Somos menos en España, y en Castilla-La Mancha y, por
supuesto, en Talavera. Somos menos y estamos peor. Y menos que vamos a ser y
peor que vamos a estar. Ya se han ido los emigrantes, después de vivir unos
años el espejismo de un mundo mejor, y empiezan a emigrar los propios, buscando
ese mismo mundo.
He leído por alguna parte que la población española no había
descendido desde el final de la Guerra Civil, en 1939, cuando el hambre y el
miedo empujaron a decenas de miles de personas al exilio. Se fueron muchos,
entre ellos, los mejores. Como ahora.
La “movilidad exterior” término que ha acuñado una ministra con
más lengua que cerebro (y que sentimientos), es, como en esos años 40, un
exilio obligado, una tragedia que pagaremos (y a la Historia me remito),
durante muchos años.
Somos menos y somos peores, porque la población envejecerá
más aún (también lo dijo un Buendía, “uno no se muere cuando debe, sino cuando
puede”), porque la generación de jóvenes mejor formados desplegarán su talento
en otros mundos, porque la experiencia se está despreciando en aras al
beneficio rápido, a los salarios cortos y a los contratos basura. Porque se
cambia el sólido mañana por un hoy incierto y porque nadie es capaz de analizar
el pasado para sacar consecuencias y poner remedios.

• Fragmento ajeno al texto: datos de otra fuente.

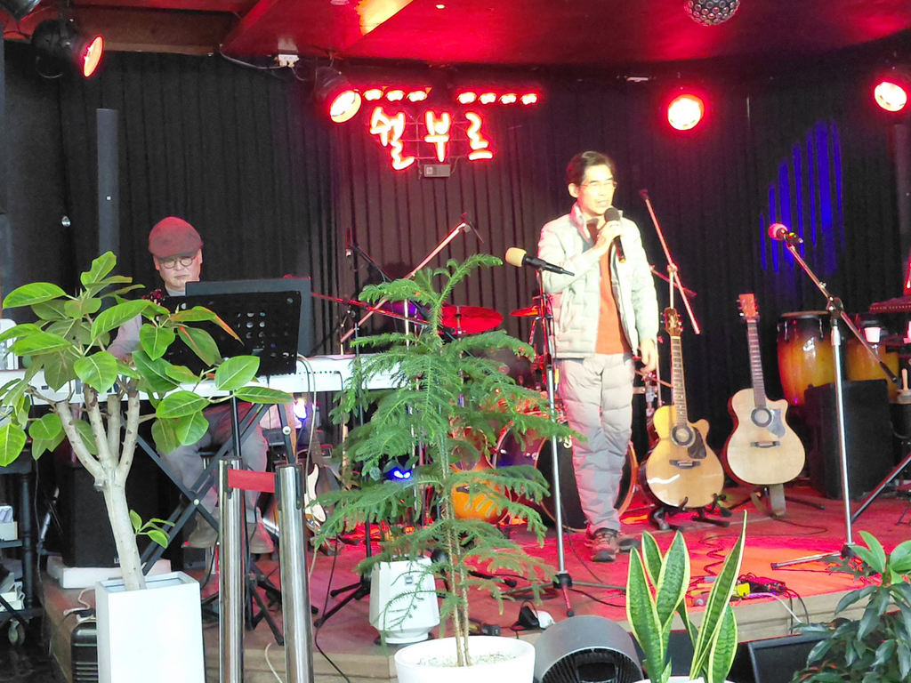 오늘 송년회를 위해 음악을 맡아주기로 했다.

Y porque, como ocurrió con los exiliados de la guerra, si
algún día esto se arregla, pocos querrán volver a una tierra que les negó el
pan y la sal y les puso las maletas más allá de sus fronteras.
Alguien debería preocuparse por las cifras de descenso de
población, más allá de pensar que ecuatorianos, rumanos o magrebíes ya no nos
consideran el país de las maravillas. Esto es lo fácil, lo obvio.
Por supuesto que también se puede pensar que cuantos menos
seamos, a más tocamos. De retroceso y de desesperanza, claro.